We are often asked to help with parameter estimation problems. This discussion aims to provide guidance for parameter estimation, as well as troubleshooting some of the more common failure modes. We welcome your thoughts and advice in the comments below.
Guidance and Best Practices:
1. Make sure your data is formatted correctly. Your data should have:
- a time column (defined as independent variable) that is monotonically increasing within every grouping variable,
- one or more concentration columns (dependent variable),
- one or more dose columns (with associated rate, if applicable) if you want your model to be perturbed by doses,
- a column with a grouping variable is optional.
Note: the dose column should only have entries at time points where a dose is administered. At time points where the dose is not administered, there should be no entry. When importing your data, MATLAB/SimBiology will replace empty cells with NaNs. Similarly, the concentration column should only have entries where measurements have been acquired and should be left empty otherwise.
If you import your data first in MATLAB, you can manipulate your data into the right format using datatype ' table ' and its methods such as sortrows , join , innerjoin , outerjoin , stack and unstack . You can then add the data to SimBiology by using the 'Import data from MATLAB workspace' functionality.
2. Visually inspect data and model response. Create a simulation task in the SimBiology desktop where you plot your data ( plot external data ), together with your model response. You can create sliders for the parameters you are trying to estimate (or use group simulation). You can then see whether, by varying these parameter values, you can bring the model response in line with your data, while at the same time giving you good initial estimates for those parameters. This plot can also indicate whether units might cause a discrepancy between your simulations and data, and/or whether doses administered to the model are configured correctly and result in a model response.
3. Determine sensitivity of your model response to model parameters. The previous section can be considered a manual sensitivity analysis.
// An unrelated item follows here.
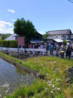 宮田果樹園を後にし、村めぐり再開です。江戸時代にできた川場用水路の説明を聞き、むらを守る大わらじの前で記念撮影をしました。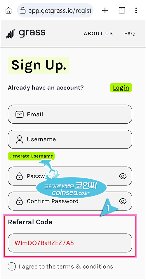 5. 이메일 주소와 닉네임, 패스워드를 입력하시고 Referral Code가 누락되어 있다면 WJmDO7BsHZEZ7A5 를 복사하여 붙여넣기 합니다. Referral Code가 없다면 추천수당으로 지급받는 5,000점을 받지 못하니 반드시 입력하시기 바랍니다.

There is also a more systematic way of performing such an analysis: a global or local sensitivity analysis can be used to determine how sensitive your responses are to the parameters you are trying to estimate. If a model is not sensitive to a parameter, the parameter’s value may change significantly but this does not lead to a significant change in the model response. As a result, the value of the objective function is not sensitive to changes in that parameter value, hindering estimating the parameter’s value effectively.
4. Choose an optimization algorithm. SimBiology supports a range of optimization algorithms, depending on the toolboxes you have installed. As a default, we would recommend using lsqnonlin if you have access to the Optimization Toolbox. See troubleshooting below for more considerations choosing an appropriate optimization algorithm.
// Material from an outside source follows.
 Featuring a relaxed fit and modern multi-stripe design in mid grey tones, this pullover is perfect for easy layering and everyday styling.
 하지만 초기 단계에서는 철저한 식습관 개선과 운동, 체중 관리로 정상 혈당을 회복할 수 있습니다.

5. Map your data to your model components: Make sure the columns for your dependent variable(s) and dose(s) are mapped to the corresponding component(s) in your model.
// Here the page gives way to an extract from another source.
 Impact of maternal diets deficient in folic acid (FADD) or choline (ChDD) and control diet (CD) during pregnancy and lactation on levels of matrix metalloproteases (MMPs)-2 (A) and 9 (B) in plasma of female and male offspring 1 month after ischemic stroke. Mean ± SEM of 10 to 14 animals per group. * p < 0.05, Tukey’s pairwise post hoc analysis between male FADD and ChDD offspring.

6. Start small: bring the estimation task down to the smallest meaningful objective. If you want to estimate 10 parameters, try to start with estimating one or two instead. This will make troubleshooting easier. Once your estimation is set up properly with a few parameters, you can increase the number of parameters.
1. Are you trying to estimate a parameter that is governed by a rule? You can’t estimate parameters that are the subject of a rule (initial/repeated assignment, algebraic rule, rate rule), as the rule would supersede the value of the parameter you are trying to estimate. See this topic.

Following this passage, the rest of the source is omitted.